Many families have already drained their savings accounts just to get by until things improve for them, but it shouldn't be accepted as a way of life for them. If there is income, there should also be savings.

The question arises, of course, about where the best place is to put that cash. Our banks are where we think of first-opening a savings account that will yield interest and where the money will grow. However, it's good to do some shopping around. Some bank savings accounts don't have very good terms at all-the rate of return may be low and the fees high. However, the matter of safety is worth considering, and sometimes the safest place to have one's money is in a local bank where you already have other accounts.

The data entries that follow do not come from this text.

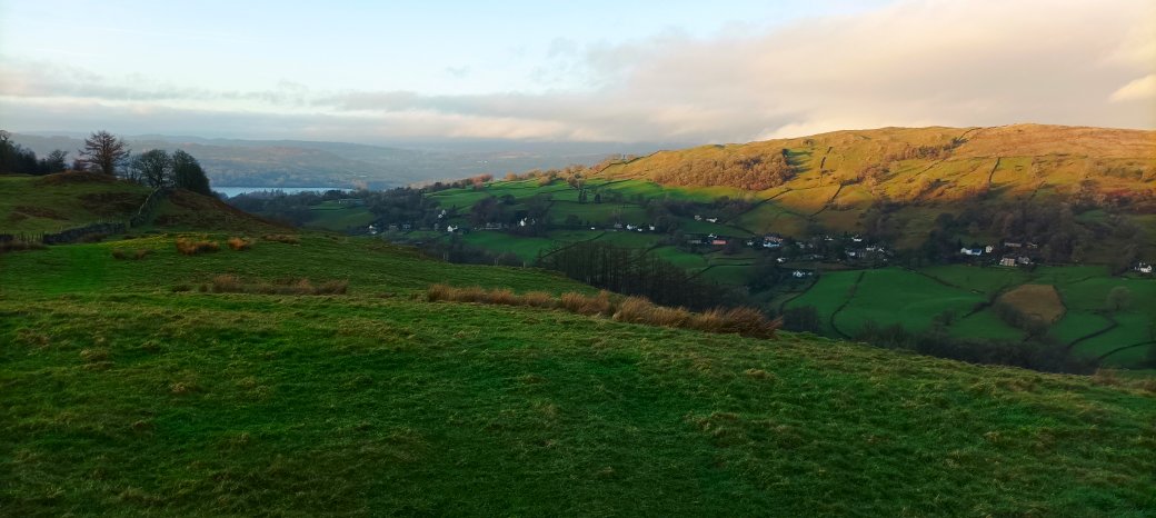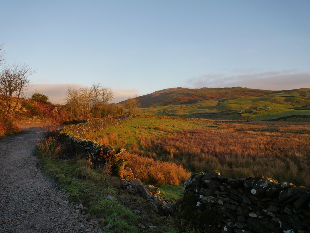 A tiny slice of Windermere is just visible and the sun is catching the hills above Troutbeck. It was about here that we climbed over a locked gate and started climbing the hillside towards Backstone Barrow.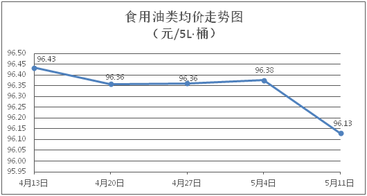 食用油类商品价格总体微降。所监测的9种食用油(5L装)商品价格波动情况为2涨5跌2平,综合零售均价为每桶96.13元,环比下降0.26%。其中:金龙鱼花生油、玉米油零售均价为每桶102.36元、76.20元,环比分别下降0.34%、下降0.54%。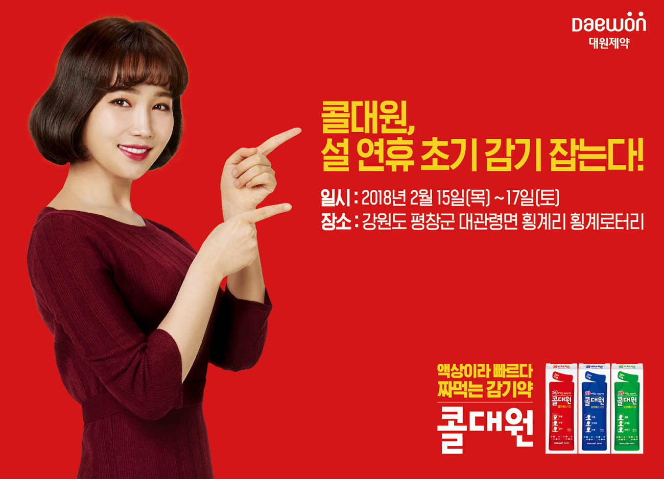 대원제약 헬스케어사업부 관계자는 “설 연휴 기간 동안 추운 날씨에도 불구하고 평창을 방문하는 소비자들에게 콜대원이 조금이나마 즐거움을 드리고자 이번 이벤트를 기획하게 되었다”며 “최근 계속되는 한파로 감기환자가 급증하고 있는 가운데 효과 빠른 짜먹는 감기약 콜대원으로 초기에 감기를 잡으시고 건강한 겨울 나시기를 바란다”고 말했다.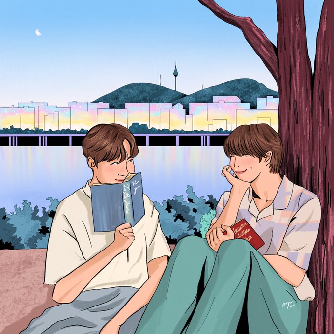 Was loosely inspired by @hopespiration ‘s To Be Yours fic to create this 🤣 #namseok by the han river - i love everything about the story she created and i wanted to create something that could belong in that world 😭💜✨ #btsfanart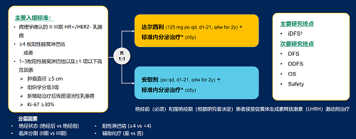 达尔西利(Dalpiciclib)是AG百家乐试玩医药自主研发的口服、选择性的小分子CDK4/6抑制剂,也是中国首个自主研发的新型高选择性 CDK4/6 抑制剂,已证实其与内分泌治疗(ET)联合用于 HR+/HER2- 晚期乳腺癌的一线和后线治疗时,均显著改善无进展生存期(PFS)6,7。因此开展了一项随机、双盲、III期临床试验(DAWNA-A),以进一步评估达尔西利联合内分泌治疗作为高危早期 HR+/HER2 - 乳腺癌辅助治疗的效果。本研究纳入高危复发风险人群需满足以下标准之一:①≥4 枚阳性腋窝淋巴结;②1–3枚阳性腋窝淋巴结且合并≥1 项高危因素(肿瘤直径 ≥5 cm,组织学分级3级,辅助治疗后残留浸润性乳腺癌,Ki-67 ≥30%)。本文呈现预先设定的首次中期分析(IA1)结果。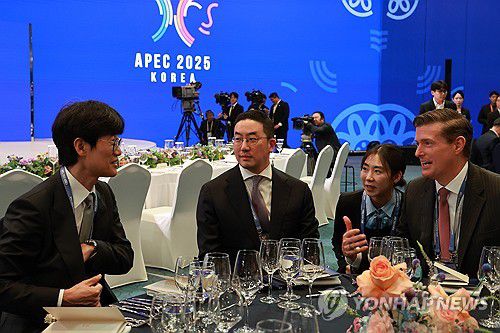 (경주=연합뉴스) 특별취재팀 = 구광모 LG 그룹 회장과 이해진 네이버 이사회 의장이 31일 경북 경주시 라한셀렉트호텔에서 열린 2025 아시아태평양경제협력체(APEC) 정상회의 갈라만찬에서 대화하고 있다. 2025.10.31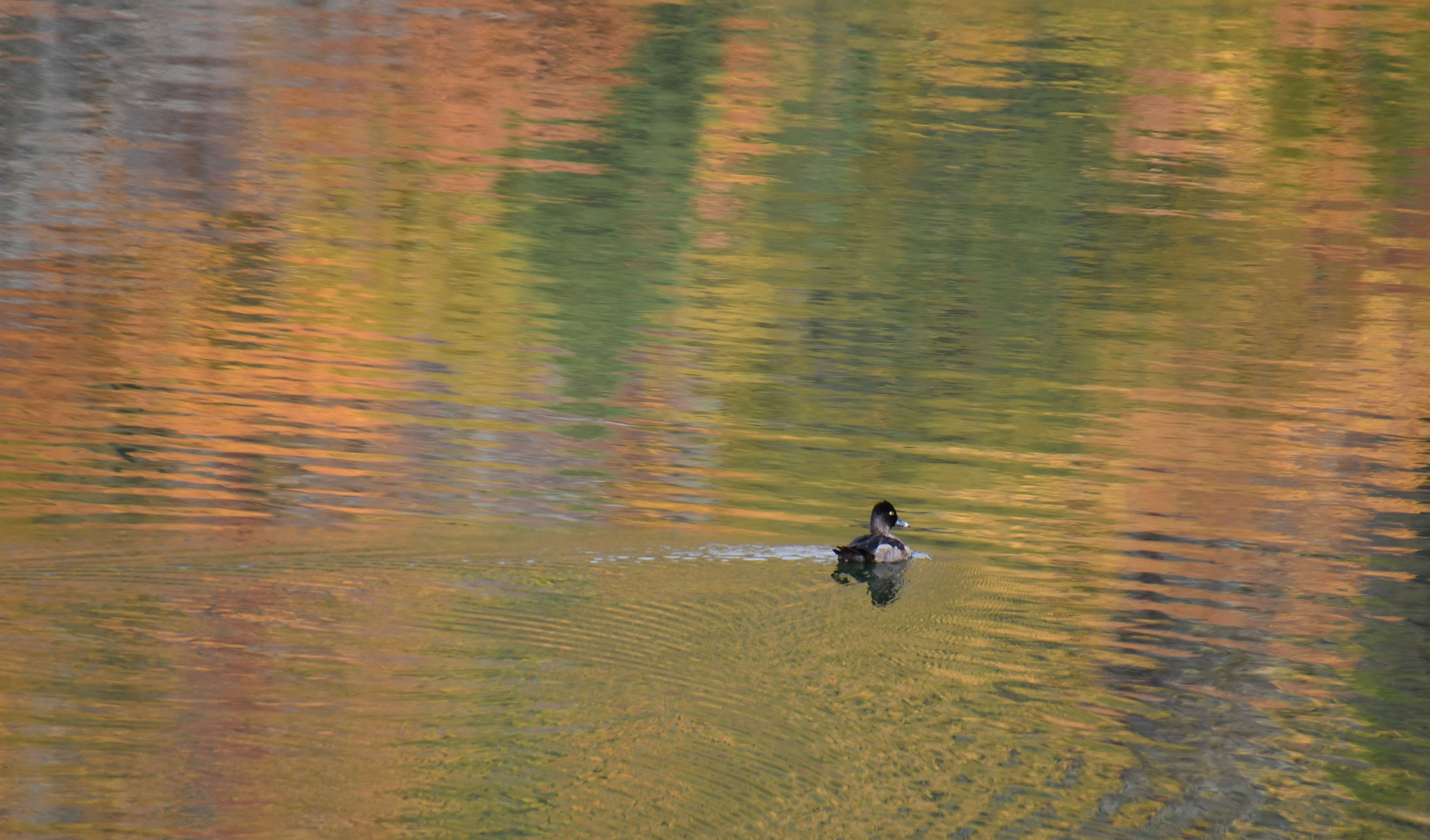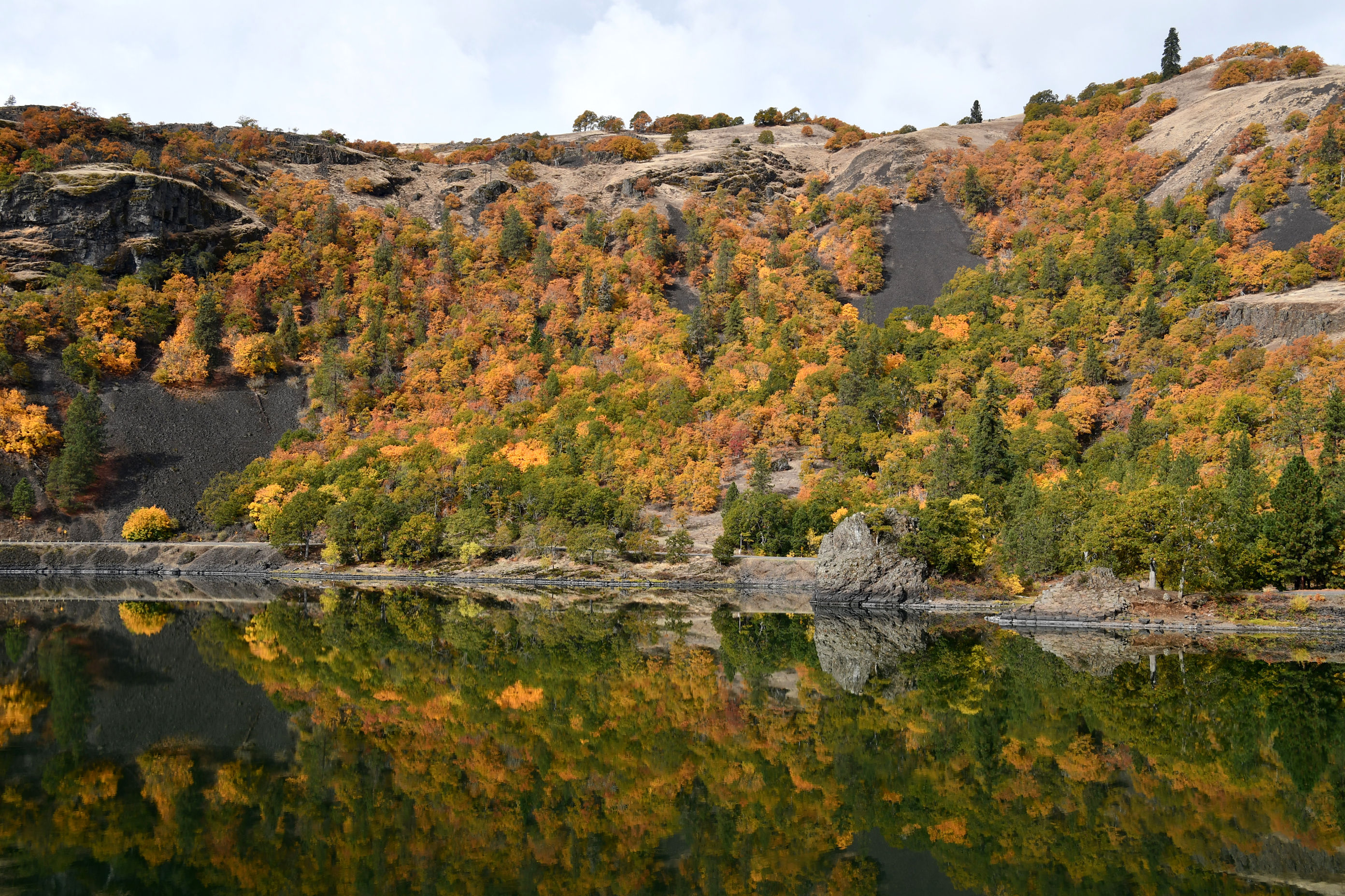 This is near one of my favourite networks of hiking trails, at Coyote Wall.Twice the colour when there are reflections.This black and grey bird is for once part of an explosion of colours. It looks like a Scaup, but with a black back I suppose it is not. Possibly a hybrid duck. Looking across Rowland Lake to a white pickup, where a man emerged with a fishing pole.Reflections of rocks and foliage.Such colour. It was breathtaking.

Your bank will probably have an investment officer who can help you think through this question and arrive at an answer that is best for you.

Credit unions typically bear good rates of interest and offer other benefits a savings account in a bank does not offer. A credit union is a not-for-profit cooperative that is owned by its members. They are typically operated by a mostly volunteer board. Because of this, credit unions pay their members dividends and offer them lower loan rates, higher rates on savings accounts, and very few service fees. These non-profit organizations are chartered and supervised by the National Credit Union Administration (NCUA). It's very rare to hear that one of them goes under. Each credit union has its own eligibility requirements, so you need to find one where you will fit.

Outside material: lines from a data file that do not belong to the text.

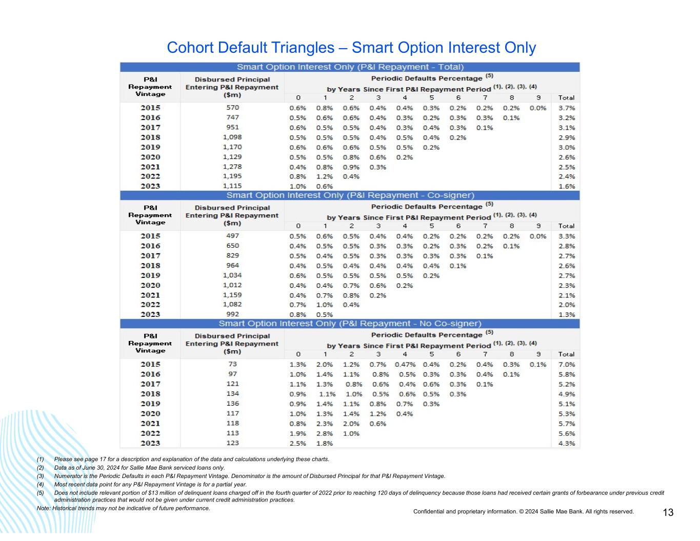 Confidential and proprietary information. © 2024 Sallie Mae Bank. All rights reserved. 12 Cohort Default Triangles – Smart Option Combined (Interest Only, Fixed Payment & Deferred) (1) Please see page 17 for a description and explanation of the data and calculations underlying these charts. (2) Data as of June 30, 2024 for Sallie Mae Bank serviced loans only. (3) Numerator is the Periodic Defaults in each P&I Repayment Vintage. Denominator is the amount of Disbursed Principal for that P&I Repayment Vintage. (4) Most recent data point for any P&I Repayment Vintage is for a partial year. (5) Does not include relevant portion of $13 million of delinquent loans charged off in the fourth quarter of 2022 prior to reaching 120 days of delinquency because those loans had received certain grants of forbearance under previous credit administration practices that would not be given under current credit administration practices. Note: Historical trends may not be indicative of future performance.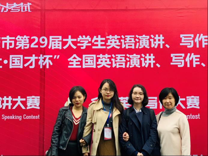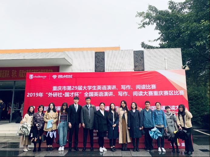重庆市第二十九届大学生英语演讲比赛于上午8:30-10:30进行,“外研社•国才杯”全国英语演讲比赛重庆赛区复赛于下午14:00-16:30举行。赛场座无虚席、氛围紧张而热烈,我校的7位选手凭借扎实的语言基本功、灵活应变的现场反应能力,积极沉着迎战,表现出色,均取得不俗的成绩。最终,小黄书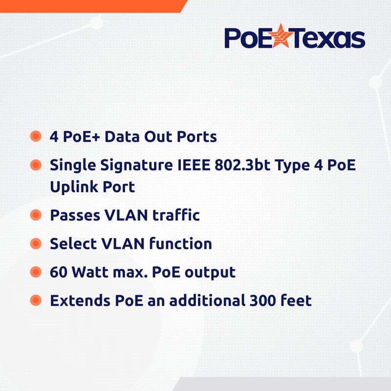 - Power this PoE powered switch via the uplink port with an existing 802.3bt switch or a 55V 60W power supply like our BT-1-55v60w-IN midspan injector. Toggle to pass VLAN traffic (V) or to extend PoE an additional 300 feet (S) with auto detection on all 4 Out ports.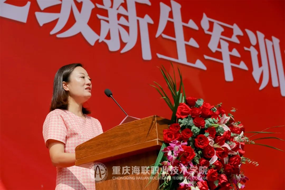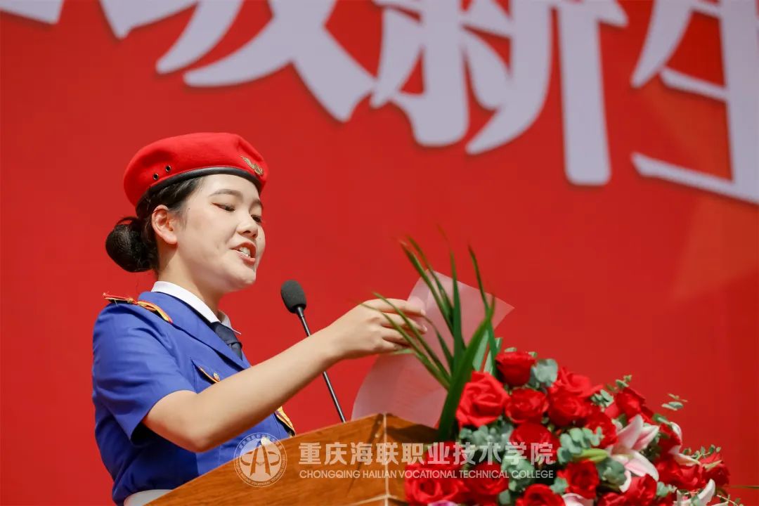 来自2022级空中乘务学院的李孟佳同学和2022级公共事务学院的滕静怡同学作为新生代表发言。她们表达了自己在军训中的改变和收获,向全体带领训练的教官们表示感谢,并寄语同学们作为海联人要有面向世界和未来的胸怀,以及乘风破浪、砥砺前行的决心,书写最美的青春华章。

Investments in stocks are another good way to save your money and to anticipate growth. However, don't be dazzled by stories of others who have made fortunes in this way. It's possible, of course, but the risk of the opposite happening is also high in such investments.

However, don't try to do it on your own. Following are some basic facts you need to know:

A share of stock stands for a share of ownership in a company.

A shareholder is a person or company that owns shares in a company.

A share of common stock gives the holder of that share a vote on matters of policy and on members of the board of directors.

A share of preferred stock is typically higher ranked; however, it carries no voting rights although it may carry priority in payment of dividends. In other words, if your share is preferred stock, you may be paid before any dividends will be paid to common stock shareholders.

Some people buy stocks online on their own, but most buy through a stock broker. A stock broker may also be an investment advisor who can manage your buys.

Shop around for a broker. Educate yourself on the qualities to look for before you turn loose of your hard-earned money.